Le dérèglement climatique engendre des tempêtes chroniques qui noient les rues. Alors la capitale thaïlandaise s’organise.
La montée des eaux induite par le réchauffement mondial pose des problèmes aux pays côtiers, et plus encore à ceux qui n’ont pas d’altitude (comme les Pays-Bas) ou sont marécageux (tel le Vietnam). La Thaïlande est les deux à la fois. Au XIX siècle, on l’appelait la Venise de l’Asie, en référence à ses rues faites de canaux. L’expansion urbaine l’a contrainte à bétonner pour faciliter la mobilité et l’aménagement, ce qui a eu pour effet d’accentuer les inondations à chaque averse.
Incapable de construire une digue en béton, la municipalité a choisi de s’adapter aux orages. Ils ont lancé Porous City Network, une entreprise de promotion d’architectes paysagistes voulant s’attaquer au développement durable. Première concrétisation, la construction en 2017 du Chulalongkorn Centenary Park, un jardin de ville absorbant.
3,7 millions de litres épongés. Large de 4,45 hectares, ce parc contient des jardins à étage, une colline artificielle et une longue lande de verdure en pente douce, favorables à l’écoulement. Lors des épisodes orageux, l’eau rejoint trois grands réservoirs souterrains. Le stockage peut atteindre un volume de 3,7 millions de litres de pluie qui seront réutilisées pour l’arrosage des espaces publics l’été venu.
Un petit bassin de rétention suffit pour les averses.
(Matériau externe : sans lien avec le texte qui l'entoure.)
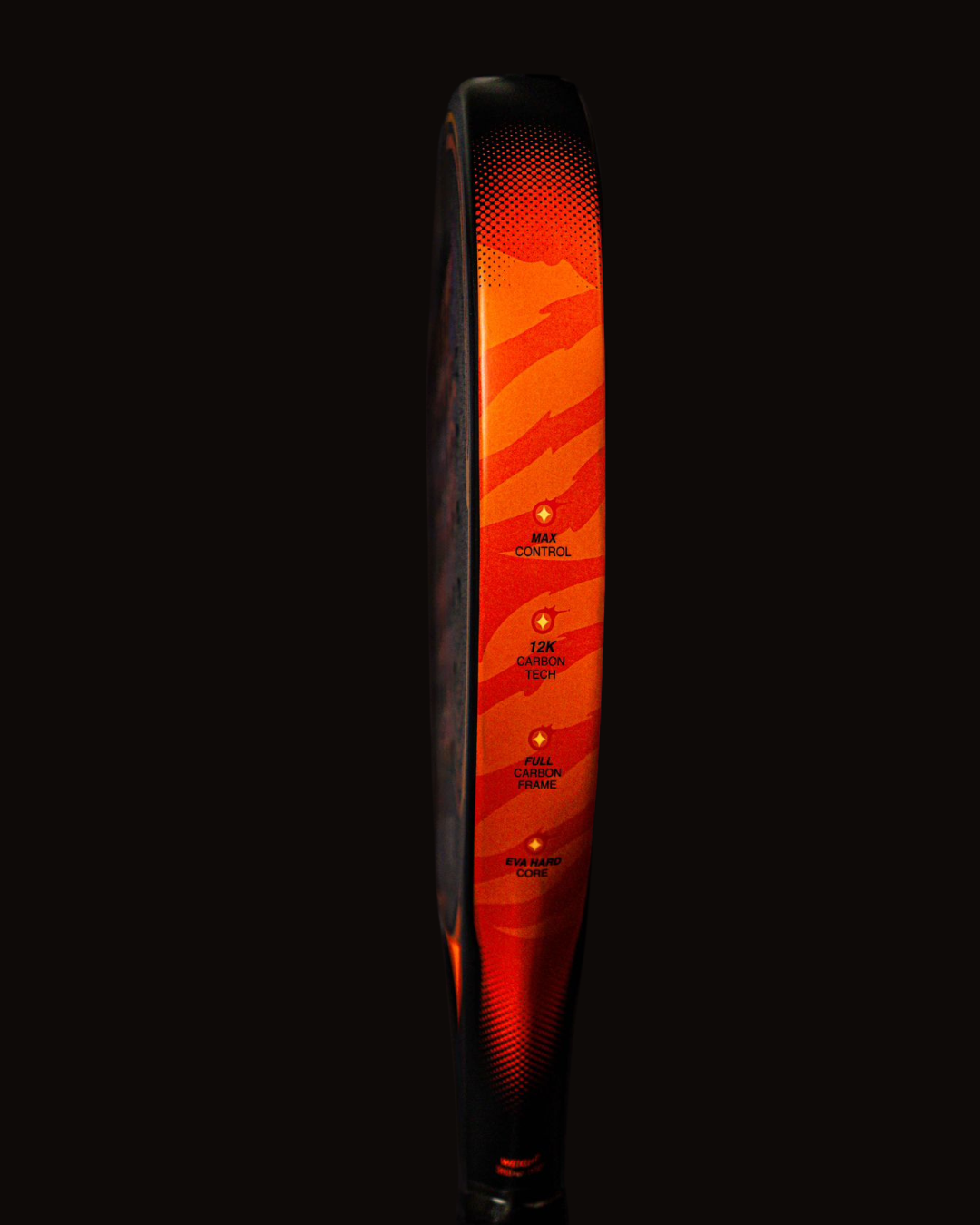 Cuenta con un amplio punto dulce que permite un impacto noble y certero de la pelota, al mismo tiempo que el material 12K de Fibra de Carbono de la cara de la pala y su interior Black EVA Hard permite que la pelota despida más fácilmente, logrando un juego controlado.
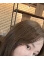 ブリーチなしのダブルカラーで、透け感と柔らかさのあるオリーブベージュに。顔周り中心にレイヤーを少し入れて、スライドカットで髪が動くように

Des vélos fixes sont installés au-dessus : en pédalant, on pompe de l’oxygène dans l’eau, ce qui évite la propagation des algues qui boucheraient le bassin. Pour les grandes tempêtes, le jardin concave au pied de la pente peut contenir plus de 378 000 litres d’eau. Les précipitations s’écoulent à travers les terrains filtrants et une série d’étangs.
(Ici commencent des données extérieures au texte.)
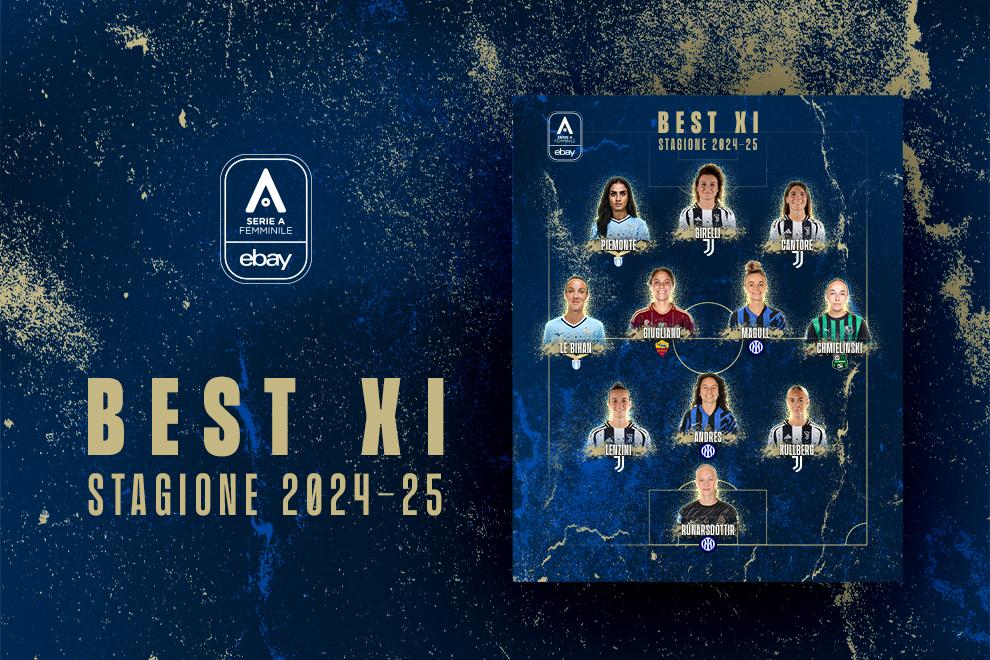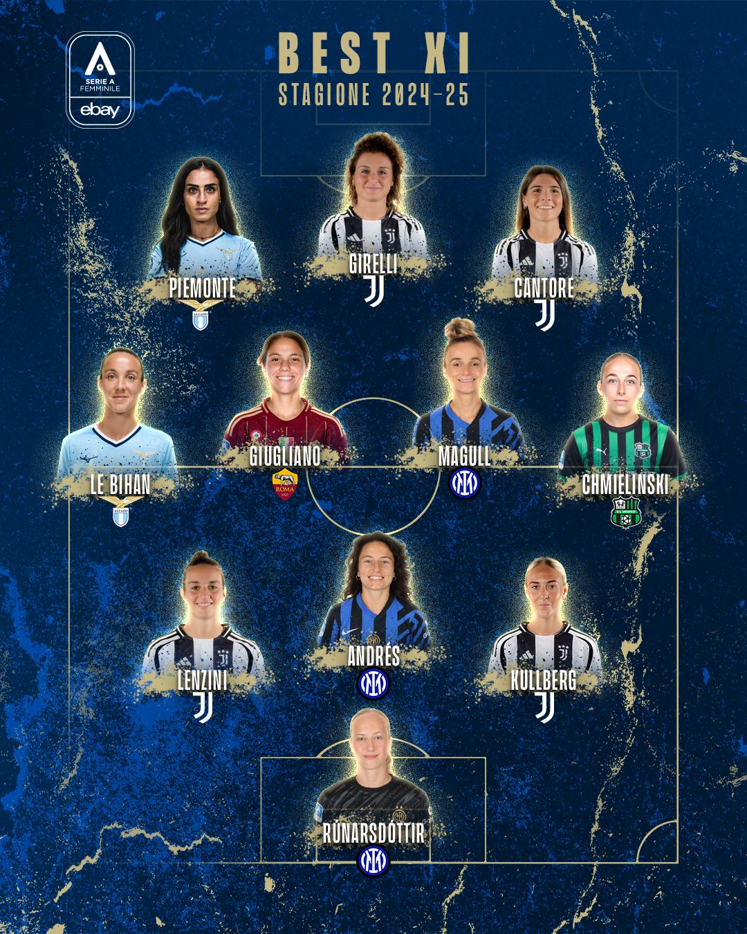 Con la proclamazione della Top 11, la Serie A Femminile chiude la stagione 2024-25: tra le protagoniste, ovviamente, ci sono le MVP premiate a Roma il 5 maggio (Cecilía Rúnarsdóttir, Ivana Andrés, Gina Chmielinski, Sofia Cantore, Cristiana Girelli), ma anche altre sei calciatrici che hanno disputato un grande campionato. Da Emma Kullberg e Martina Lenzini, anche loro protagoniste dello scudetto bianconero, a Lina Magull, pilastro dell'Inter che ha raggiunto la prima storica qualificazione alla UEFA Women's Champions League. Ma c'è spazio anche per la Roma, con Manuela Giugliano, e per la Lazio, con Clarisse Le Bihan e Martina Piemonte.

Absorber le dérèglement climatique. « La pluie inonde le jardin pluvial plutôt que la rue », explique l’architecte Kotchakorn Voraakhom qui a conçu le parc. En plus d’éponger et accumuler de l’eau, le parc de Chulalongkorn compense l’effet d’îlot thermique durant les canicules. « Avec cette construction, le but n’est pas de se débarrasser des inondations, explique M. Voraakhom. Il s’agit de vivre avec elles. »
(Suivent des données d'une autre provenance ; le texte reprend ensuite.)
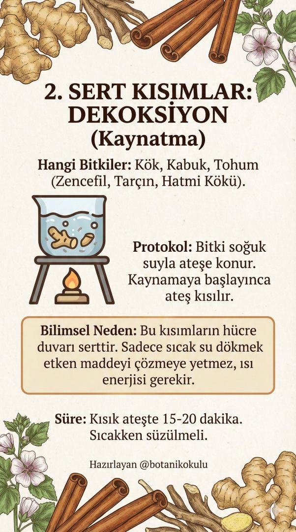 Zencefil, tarçın, ekinezya kökü gibi odunsu kısımlar, etken maddelerini sert selüloz yapıların içinde saklar. Sadece sıcak su dökmek bu duvarları yıkmaya yetmez; ısı enerjisi ve aktif kaynama gerekir.
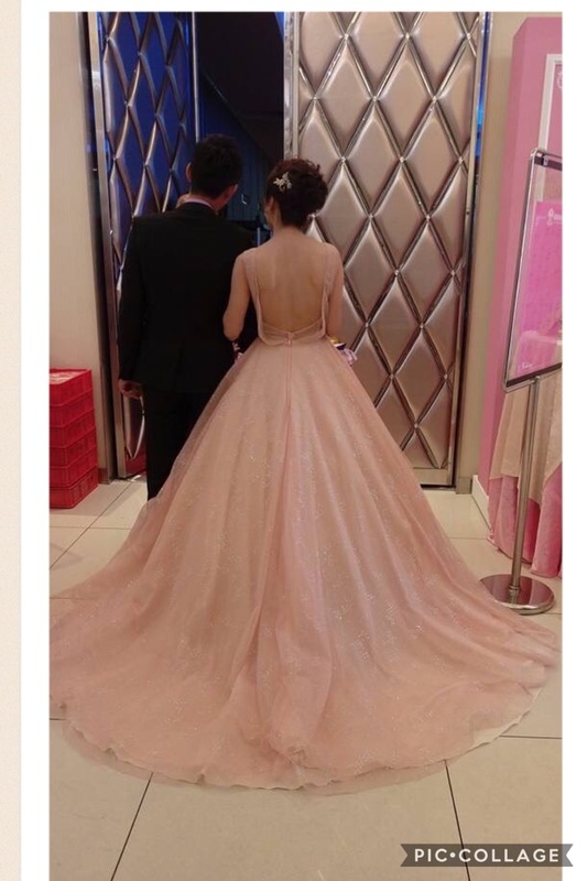 這件粉色禮服是我的最愛,雖然照片看不出它的手工細緻感,但是當天穿出來也是稱讚頻頻啊!!
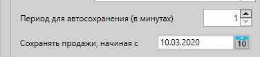 - Период для автосохранения – периодичность в минутах, с которой будет происходить выгрузка данных о продажах
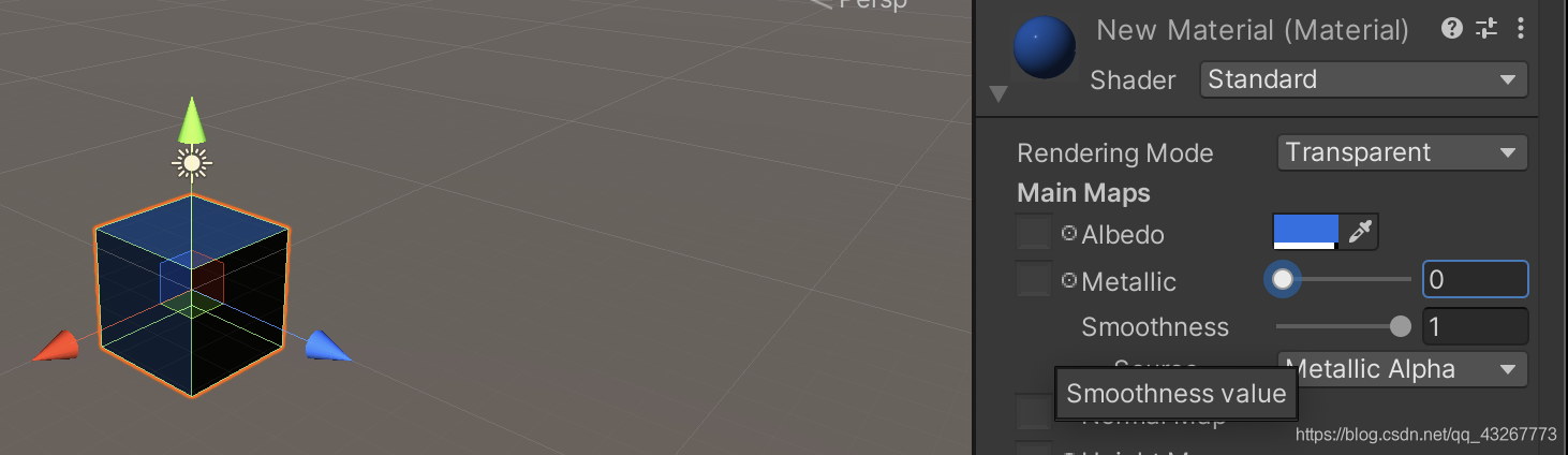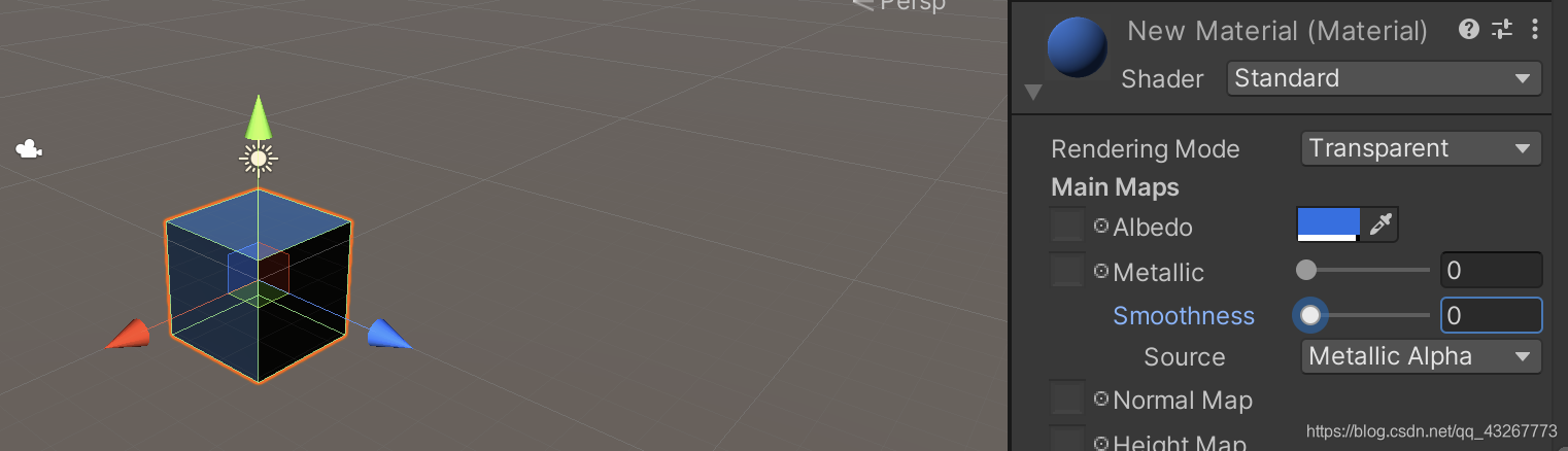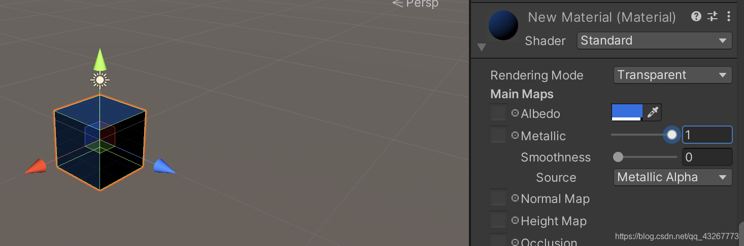 增加一个 `cube` 游戏对象,而后新建一个 `materials` 退出到 `cube` 中而后进行批改 `shader` 值来查看游戏对象的变动

Versant social, les habitations sont prévues autour et point de vue mobilité, une route a été convertie en piste cyclable. À terme, Bangkok envisage de remanier son réseau d’égouts actuellement saturé et encombré de déchets plastiques, de libérer des espaces verts et peut-être de remettre des canaux. En attendant, un second parc absorbant est en chantier. Ses travaux seront terminés en 2019.